Beard Etiquette for Interviews

Posted by Anton Burton on

You’re young, thirsty for the next challenge and passionate to succeed. You’ve also just graduated and are on the search for your first career. During your summer you spent time completing an internship and throughout the term you accumulated hours of experience through hourly jobs. You’ve also grown a beard. The centre of your style, and if you’re honest, the thought of shaving it off is soul crushing.

On top of that, you have your parents reminding you that you’ll have to shave if you want that elusive first job. Too make things worse, the people that are doing the hiring are from  a clean-cut no-nonsense generation who simply don’t understand or appreciate any form of individual stylistic expression, let alone a beard.

You feel like you shouldn’t have to shave just to get a job, but you also really need that first job. Do you shave, and give into the idea that professionals can’t be bearded? Or do you stick to your guns and hope for the best? Lets have a look...


Research your Industry

If you are looking for a job in the emergency services, you will more than likely be required to shave off your beard. This is because there will be times when you will have to wear a sealed mask around your mouth to prevent you breathing in dangerous fumes. For this reason, it makes sense to remove any facial hair before the interview to prove you are serious about your chosen career. Some food preparation roles also have health and safety rules that insist on a clean shaven face, while other jobs simply have strict presentation rules. For example, some retail outlets and offices have strict image requirements that they expect employees to adhere to. The point is, that if you haven’t done your homework in advance of the interview, and turn up with a beard to a job where they expect you to shave, you will have to work extra hard to convince the potential employer that you are right for the job.


Keeping up Appearances

If your research convinces you that you can keep your beard and still have a reasonable chance of getting the job, then you need to ensure that you maintain it properly. Regular shampooing and conditioning will keep it clean and soft, while beard oils and waxes will keep fly away hairs looking neat and tidy. Before the interview, get your beard professionally trimmed so that it is presentable, and carry a comb with you for any last minute alterations. While many companies are happy to employ men with beards, few will look favourably on those that are messy and unkempt. You want to make sure your beard looks like a style statement, rather than something that happened simply because you lost your razor.


Be Prepared to Debate

If you walk into an interview with a tidy, stylish beard, having done your homework, and the employer is still a little unsure about whether it presents the right image for his company, you need to be ready to argue your case. This beard is your pride and joy, and so you need to be able to convince your interviewer that it in no way hinders your ability to fit in and get on with your job. And if you can talk about, and show the interviewer how your beard is a defining part of you, then you will be able to sway anyone’s opinion. Prove to him that growing a beard requires patience, commitment and dedication, and then show him how those attributes relate to your dream job.

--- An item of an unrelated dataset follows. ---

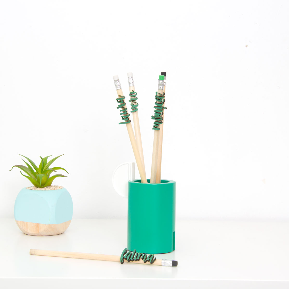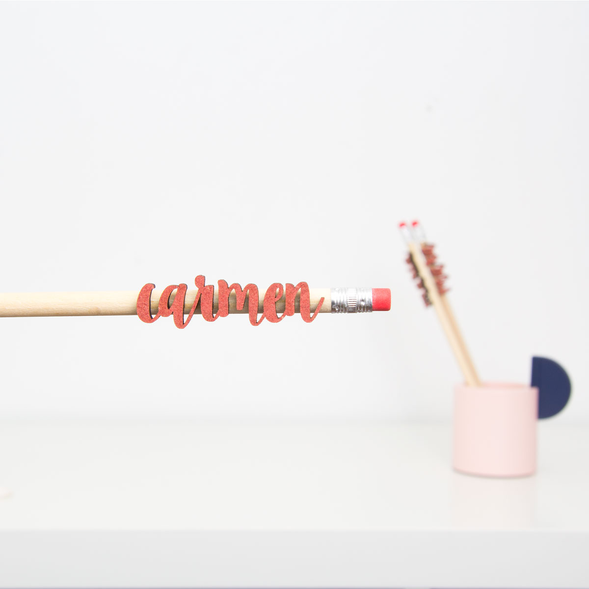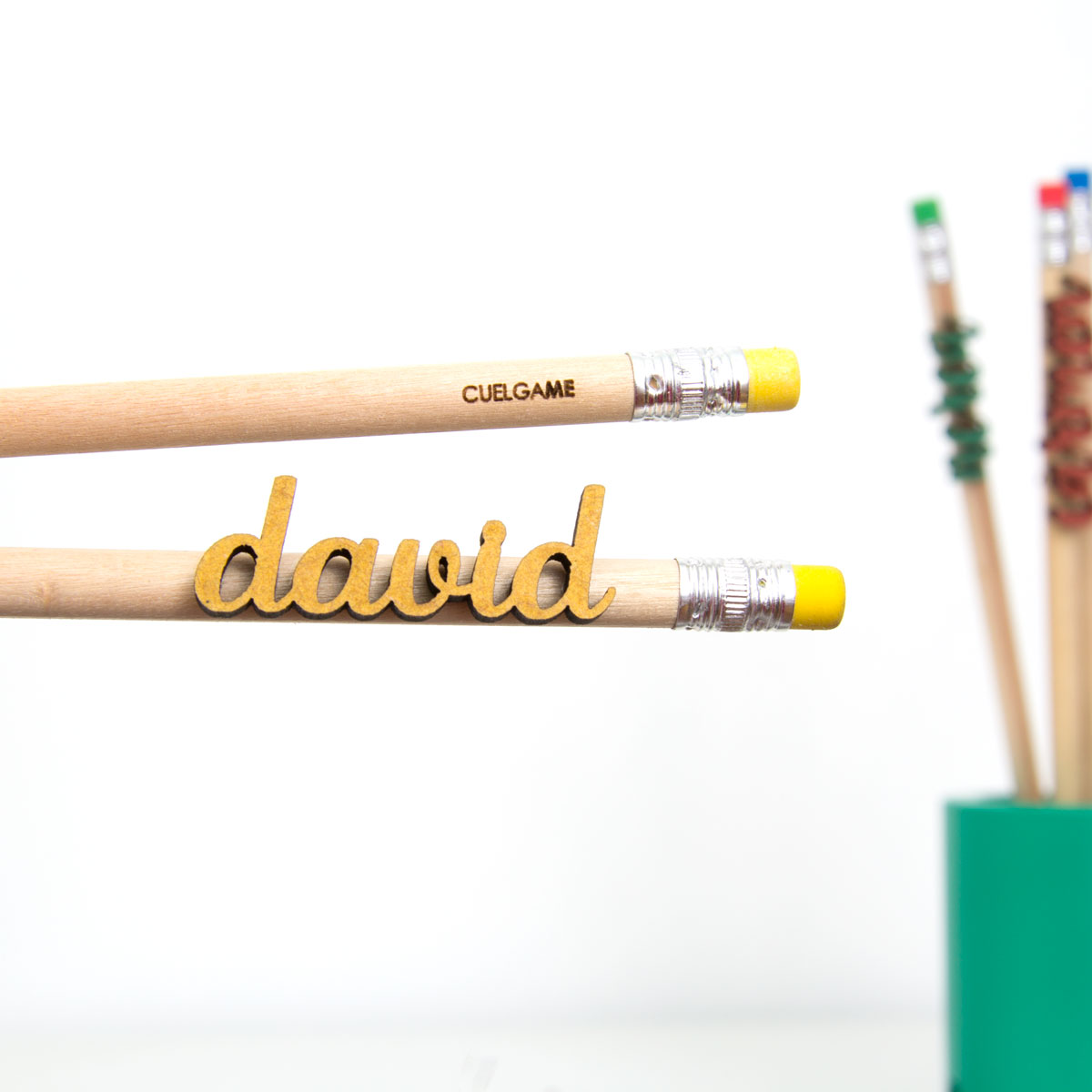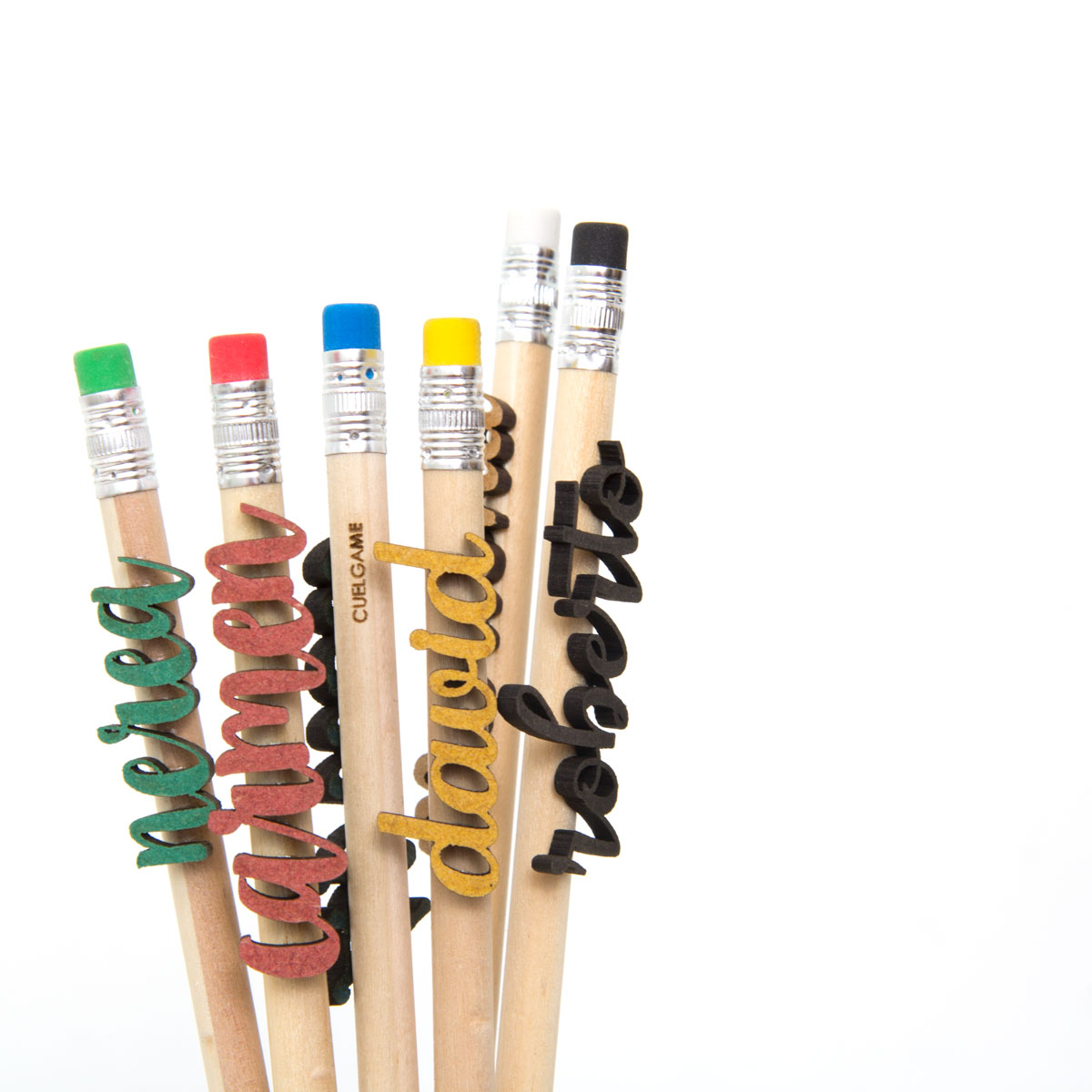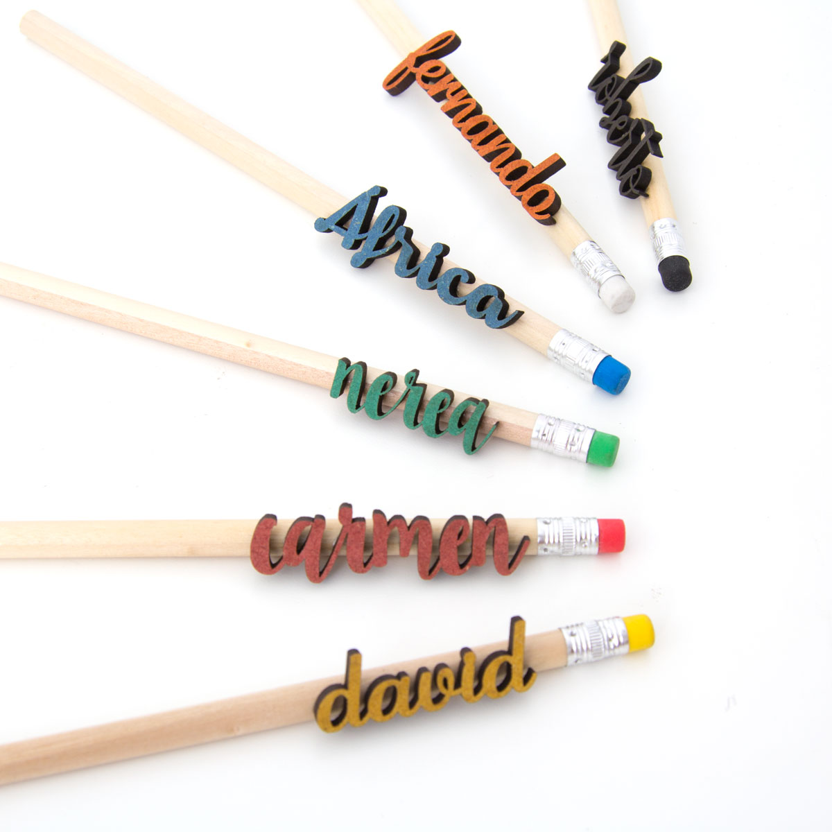 Material: lápiz de madera de grafito con gomas de colores. Nombres de madera DM de espesor 3 mm.

Your Beard vs Your New Job

Sometimes, an employer will be so impressed with you, that they will be eager to employ you. But when offering you the job, it is possible that they could still ask you to shave your face. Then you have a choice to make. How important is this job to you? If it is your dream role, and you have no other options, you might decide to go ahead and pick up the razor. If you have attended several interviews, and are waiting on call backs for them, you could take a gamble and decline the offer and keep your beard. It is your personal decision.

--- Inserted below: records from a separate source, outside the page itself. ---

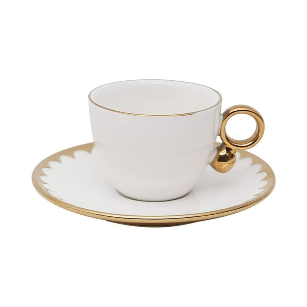 Com o Jogo de Xícaras e Pires Para Café Porcelana Branco e Dourado 90ml Linha Egg 6 Peças a hora do café fica muito mais especial.
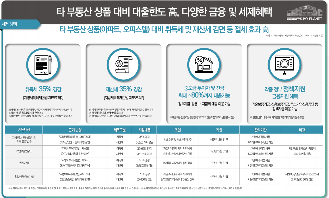 재산세 5년간 35% 경감, 외 각종 정부 정책 지원 금융 지원 혜택을 받아 보실 수 있습니다.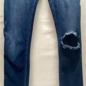 These ladies distressed knee jeans are in good pre-owned condition with no holes or stains and minimal signs of wear. Please see all photos as this is the exact garment you will receive. Standard 5 pocket design, machine wash cold. Hole is on left knee. Measurements taken with item laying flat- waist is 13", length from high point of waist to bottom hem is 35", inseam is 28"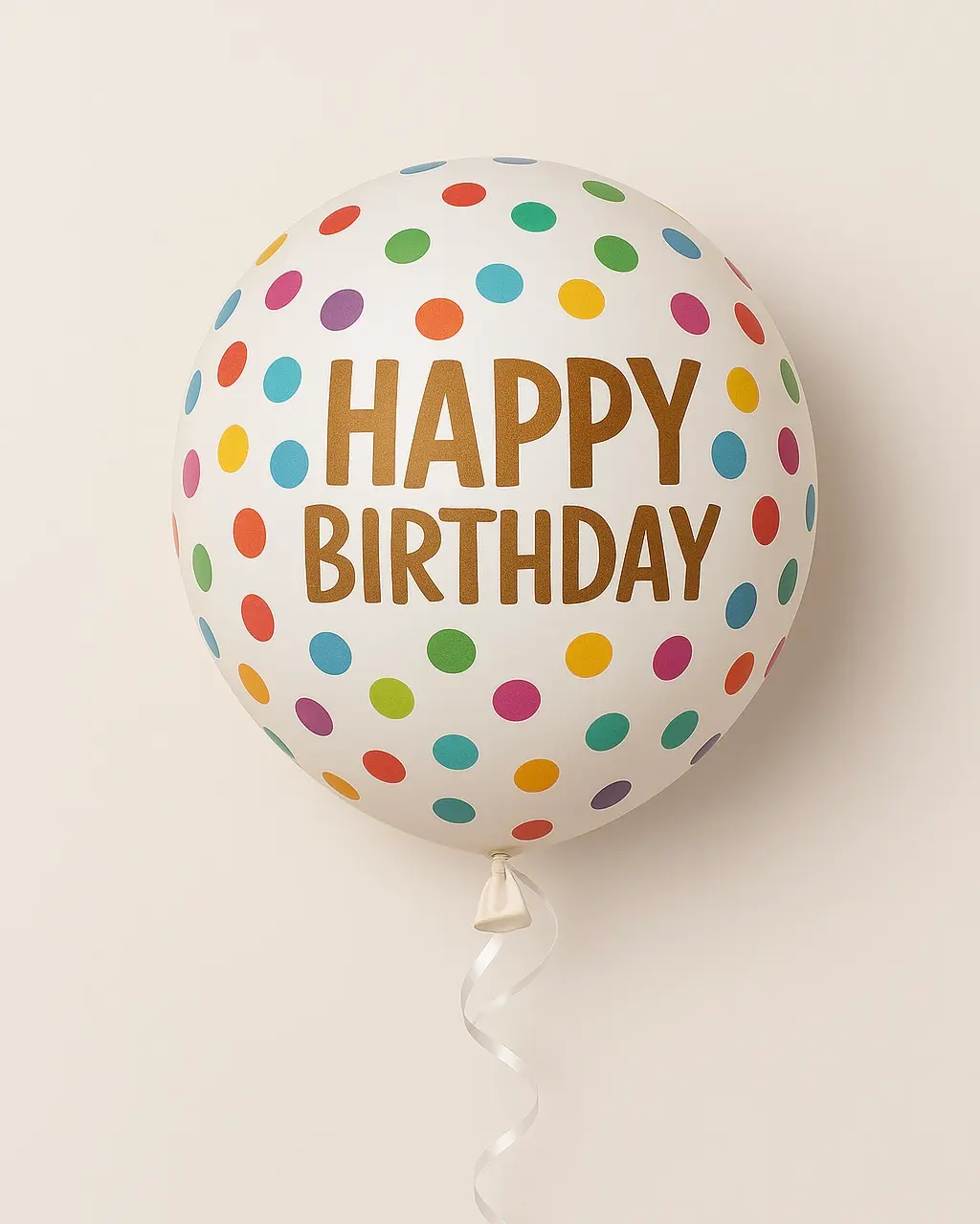 Globo blanco con lunares de colores y frase happy birthday en dorado.

What if you don’t get the job?

If you receive the dreaded rejection letter or email, don’t dismay. Instead use this as an opportunity to find out what went wrong, so that you can apply this knowledge to future interviews. Was the employer put off by your beard, or was there another issue that made him choose someone else? Send a quick, polite email, thanking him for the opportunity to talk to him, and asking if there is any advice he could give you for future interviews. If it turns out that the beard was part of the problem, then it may be that the company wasn’t the right one for you, or it might be that you would be better off shaving your face. Either way, at least you will have an informed opinion.


Be Bold, Be Bearded

If you choose to keep your beard, whether you get the job or not, take this opportunity to change the world, one opinion at a time. Why should bearded men be discriminated against? Wear your bushy facial hair with pride, and defend its honour confidently and defiantly. The first impression counts, but if you are confident, friendly and eager, then it is these traits an employer will remember, while your beard will be a secondary issue.

As you progress in your chosen career, your reputation will proceed you, and your beard-growing ability will no longer hamper your progress in most professions. Until then, you have to play by the company rules. Good luck with your interview, whether you decide to be bearded or not.